What happened next? Next came «a thousand times worse than inhumanly bad.» Each of us creates our own Hell, and everything that opened up to me there was created by me. I went through what Christianity calls Trials, but instead of answering to others, you answer to yourself. I was retching into a bucket, and at the bottom of the bucket, I saw an entire Universe inviting me to expel everything out. All secrets become exposed, and you are accountable for everything. I gained the Knowledge of responsibility to the World, to myself, to people. The next morning, I realized I no longer needed to smoke, drink alcohol, or deceive. I forgave everyone, perhaps even myself. I understood that each of us has a purpose in life, and we must strive to fulfill it. How foolish Jealousy, Envy, Anger, and Pride seemed to me! Heaven and Hell are human creations, and humans create them through their lives. My first feeling from this awareness was despair. How am I going to live with this?
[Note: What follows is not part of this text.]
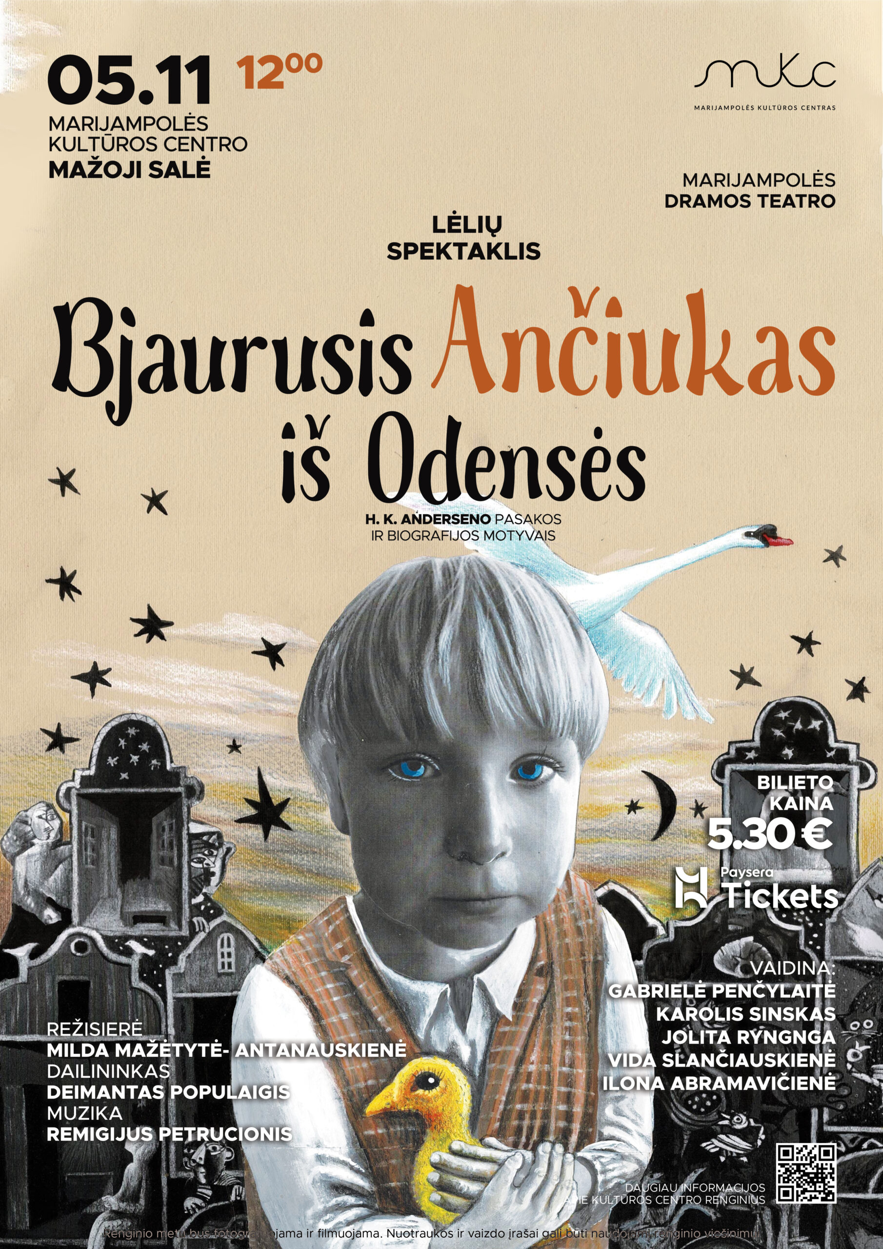 Lėlių teatro spektaklis ,,Bjaurusis ančiukas iš Odensės” (H. K. Anderseno gyvenimo ir to paties pavadinimo pasakos motyvais) mažąjį žiūrovą nukels į Danijos karalystės provincijos kiemą, kuriame tose pačiose balose braido būsimasis pasakininkas ir jo personažas – keistasis bjaurusis ančiukas. Abu jie saviškių atmesti, patiria patyčias. Šis spektaklis yra apie tai, kokį kelią turi nueiti kūrėjas, kol sulaukia pripažinimo ir iš bjauriojo ančiuko pavirsta gražiąja gulbe, kaip sunkiai talentas prasiskina kelius į šlovę. Spektaklis ne tik paliečia jautrią patyčių ir kitoniškumo temą, bet ir suteikia viltį, siūlo išeitį per kūrybiškumo paieškas bei jo atskleidimą.

Here, the MIND has created so much mess that I suffer endlessly. There, I suffered a thousandfold, so is there no light at the end? Any violation of the Universe’s laws, no matter how small or unnoticed, echoes THERE with unimaginable force. Like the Butterfly Effect. The only thing that can somehow change what was created is Sincere Repentance. I deeply regret that I was so scared that much of the Marvelous passed me by. Too much fear lived within me, but more on that next time…
Chapter 3. Fear.
I’ve always known that I fear many things. And while fully aware of many of my fears, I diligently ignored them. After two years of studying psychology and psychoanalysis, helping my child overcome their fears, my MIND (to be more precise) never allowed myself the luxury of admiring my own collection. Everything was so securely packed away that the bits I discovered during my sessions seemed like significant and weighty exhibits.
During one of the early ceremonies, I was vomiting out fear. This wasn’t any specific fear; it had no name, time, or other identifiers. It filled all the space both inside and outside me. The fear was deep in my gut, and Pancho sang, summoning it out. He did so relentlessly and persistently. When he succeeded, I felt like I was being turned inside out, as if the fear was resisting so much, unwilling to leave my body, that I feared I might burst. Afterward, there was a brief relief, but only for a short while. A new wave of fear would rise again, Pancho would sing, and the process repeated. This went on for several hours. When it became unbearable to stay in the shaman’s house, I would venture out into the surrounding fields. I moved at tremendous speed, always seeming to circle back. Occasionally, another wave of fear would hit, accompanied by the unbearable unrest of my Mind. It screamed so hysterically that I couldn’t focus on anything important. A couple of times, Pancho caught me and brought me back to the house, singing his songs for me, but something more powerful kept pulling me outside, and after a while, I found myself back under the starry sky. I moved in complete darkness, somehow finding the light from my flashlight more of a hindrance. This restless movement only ceased when I suddenly realized that this mirrored my life. I’m always rushing somewhere without knowing where, while a constant Noise lives its own life in my head. The source of that noise—the war of the Mind. The Mind is at war with everyone and everything, including itself. So much energy is wasted on this; it’s so exhausting. Suddenly, I felt overwhelmed by fatigue and understood it was time to return to Pancho’s house. On the way back, I listened to the sobs and laments of my familiar man and admired the Sky. The stars danced a strange dance for me, whose meaning was clear and close at that moment, and I felt Joy being born in my heart and… cried.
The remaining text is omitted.